## What you need to do
Among the entries that follow, locate the line with "Daca ai nevoie" and the line with "A pesar de ello, durante". Output those lines and all lines in between, exactly, minus the pictures.

## Records supplied
__________
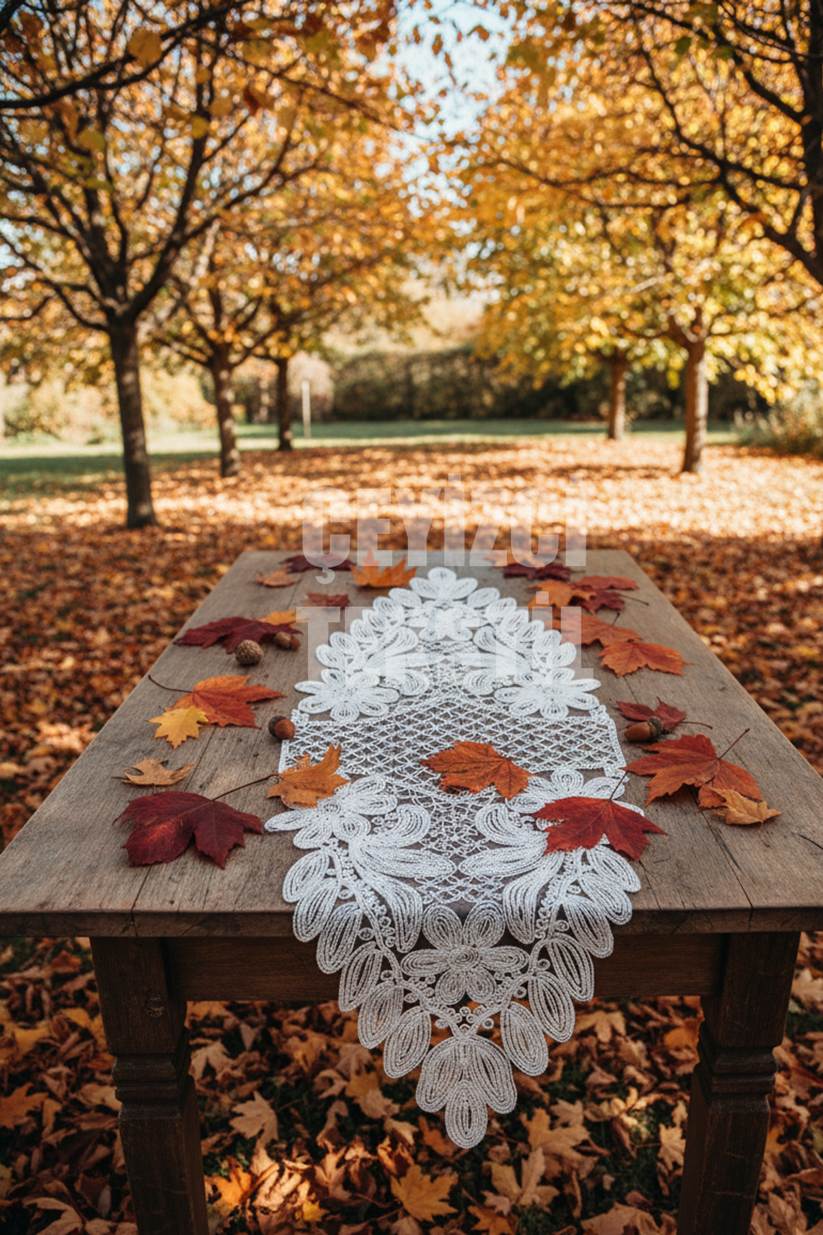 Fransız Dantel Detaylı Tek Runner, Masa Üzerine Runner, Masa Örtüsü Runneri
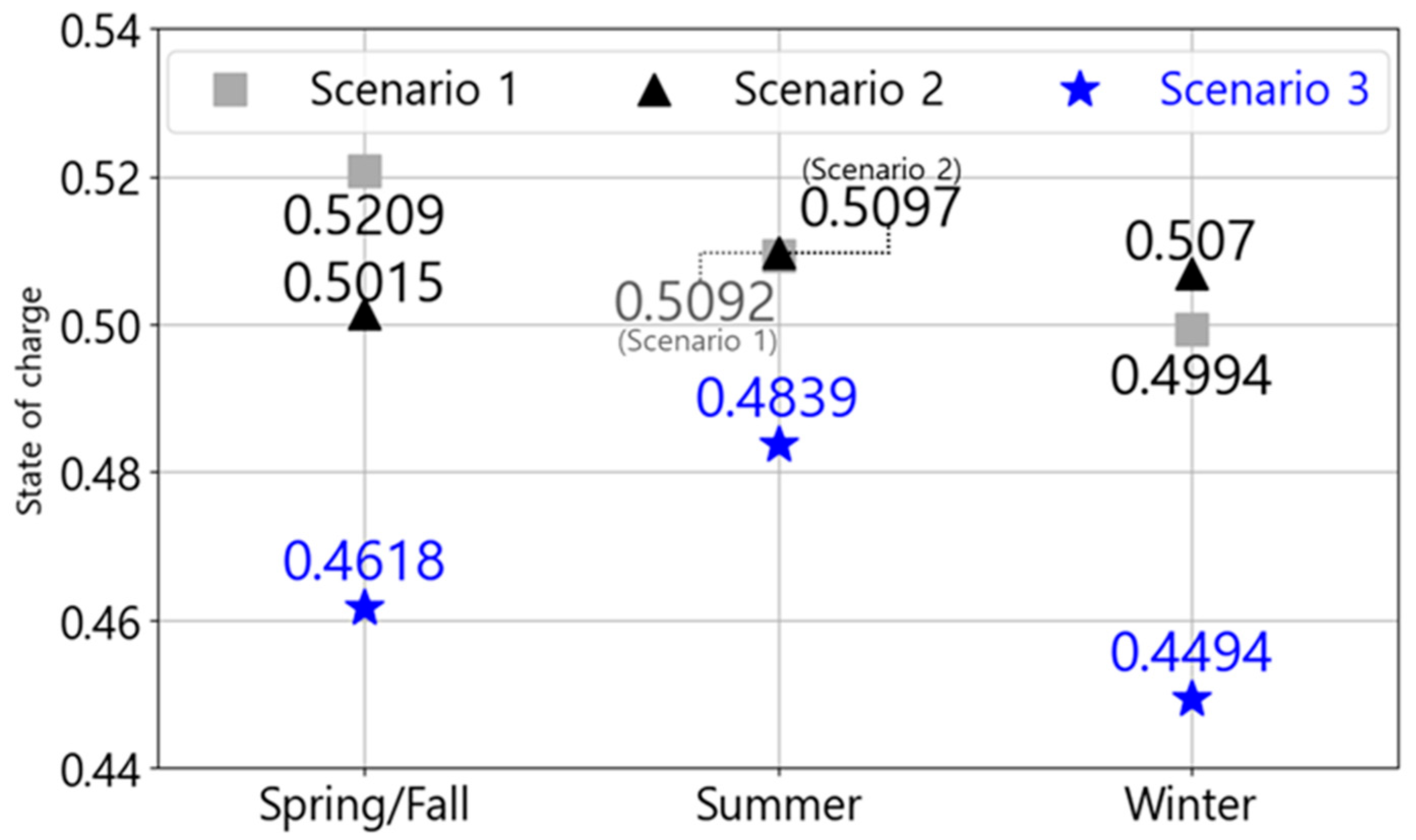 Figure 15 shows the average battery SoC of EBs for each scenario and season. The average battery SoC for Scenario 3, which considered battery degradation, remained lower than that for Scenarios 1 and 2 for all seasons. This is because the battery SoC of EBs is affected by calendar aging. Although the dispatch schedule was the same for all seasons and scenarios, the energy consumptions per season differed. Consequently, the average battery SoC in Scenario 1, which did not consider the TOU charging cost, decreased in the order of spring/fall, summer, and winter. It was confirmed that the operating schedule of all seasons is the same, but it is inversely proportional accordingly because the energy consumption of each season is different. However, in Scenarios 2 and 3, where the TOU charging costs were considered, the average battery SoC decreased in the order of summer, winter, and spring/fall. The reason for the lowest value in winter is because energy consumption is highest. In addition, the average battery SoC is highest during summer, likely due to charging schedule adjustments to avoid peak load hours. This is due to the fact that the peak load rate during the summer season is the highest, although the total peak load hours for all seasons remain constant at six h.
__________
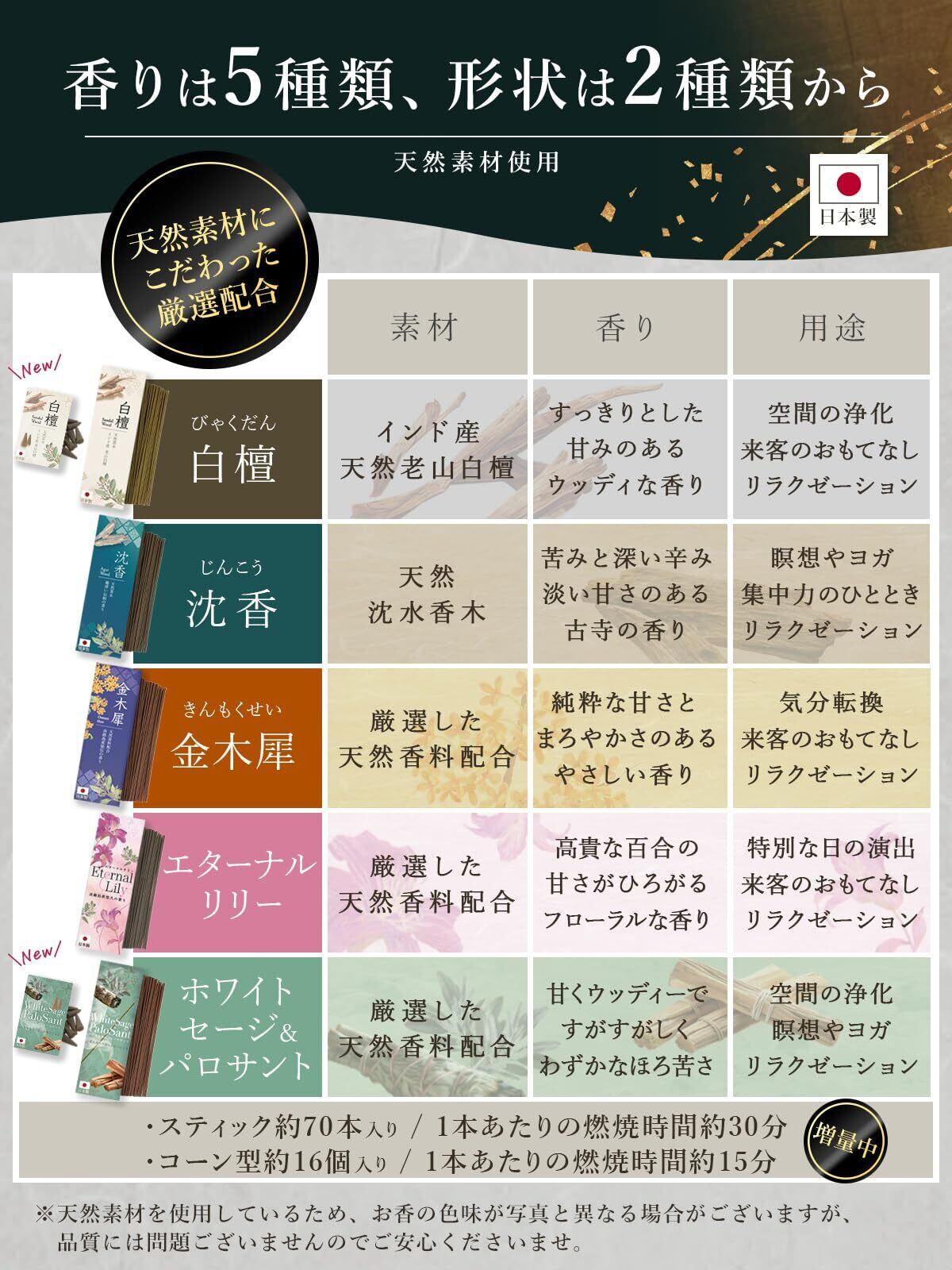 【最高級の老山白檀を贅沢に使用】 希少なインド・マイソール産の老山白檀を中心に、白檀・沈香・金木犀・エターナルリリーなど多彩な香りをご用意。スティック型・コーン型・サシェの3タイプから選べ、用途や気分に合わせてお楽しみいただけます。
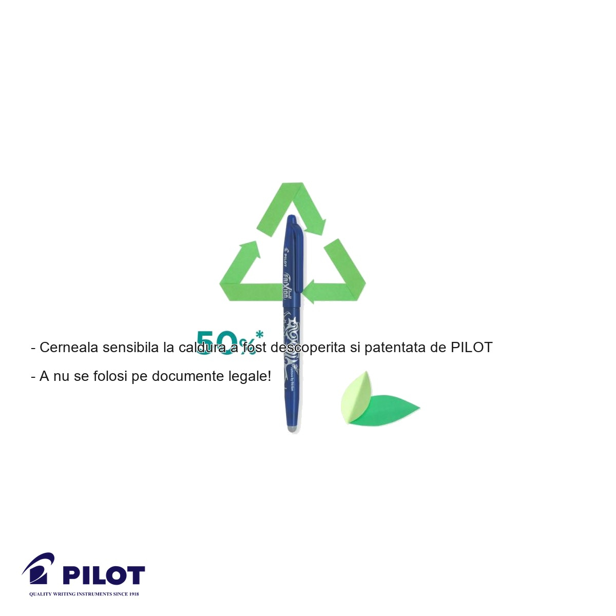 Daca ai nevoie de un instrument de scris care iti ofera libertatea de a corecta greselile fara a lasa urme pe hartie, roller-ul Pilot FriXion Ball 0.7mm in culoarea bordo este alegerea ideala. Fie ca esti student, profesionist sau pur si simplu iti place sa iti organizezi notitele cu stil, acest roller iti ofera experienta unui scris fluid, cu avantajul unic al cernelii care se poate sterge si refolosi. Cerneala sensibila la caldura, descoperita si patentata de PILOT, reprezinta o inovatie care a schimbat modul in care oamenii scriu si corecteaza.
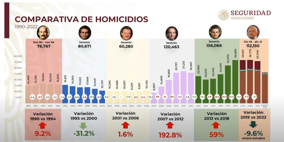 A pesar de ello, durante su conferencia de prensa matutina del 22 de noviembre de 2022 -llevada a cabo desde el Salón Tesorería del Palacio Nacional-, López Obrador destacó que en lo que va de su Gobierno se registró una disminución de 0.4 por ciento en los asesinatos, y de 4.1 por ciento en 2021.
__________
## Expected answer
 Daca ai nevoie de un instrument de scris care iti ofera libertatea de a corecta greselile fara a lasa urme pe hartie, roller-ul Pilot FriXion Ball 0.7mm in culoarea bordo este alegerea ideala. Fie ca esti student, profesionist sau pur si simplu iti place sa iti organizezi notitele cu stil, acest roller iti ofera experienta unui scris fluid, cu avantajul unic al cernelii care se poate sterge si refolosi. Cerneala sensibila la caldura, descoperita si patentata de PILOT, reprezinta o inovatie care a schimbat modul in care oamenii scriu si corecteaza.
 A pesar de ello, durante su conferencia de prensa matutina del 22 de noviembre de 2022 -llevada a cabo desde el Salón Tesorería del Palacio Nacional-, López Obrador destacó que en lo que va de su Gobierno se registró una disminución de 0.4 por ciento en los asesinatos, y de 4.1 por ciento en 2021.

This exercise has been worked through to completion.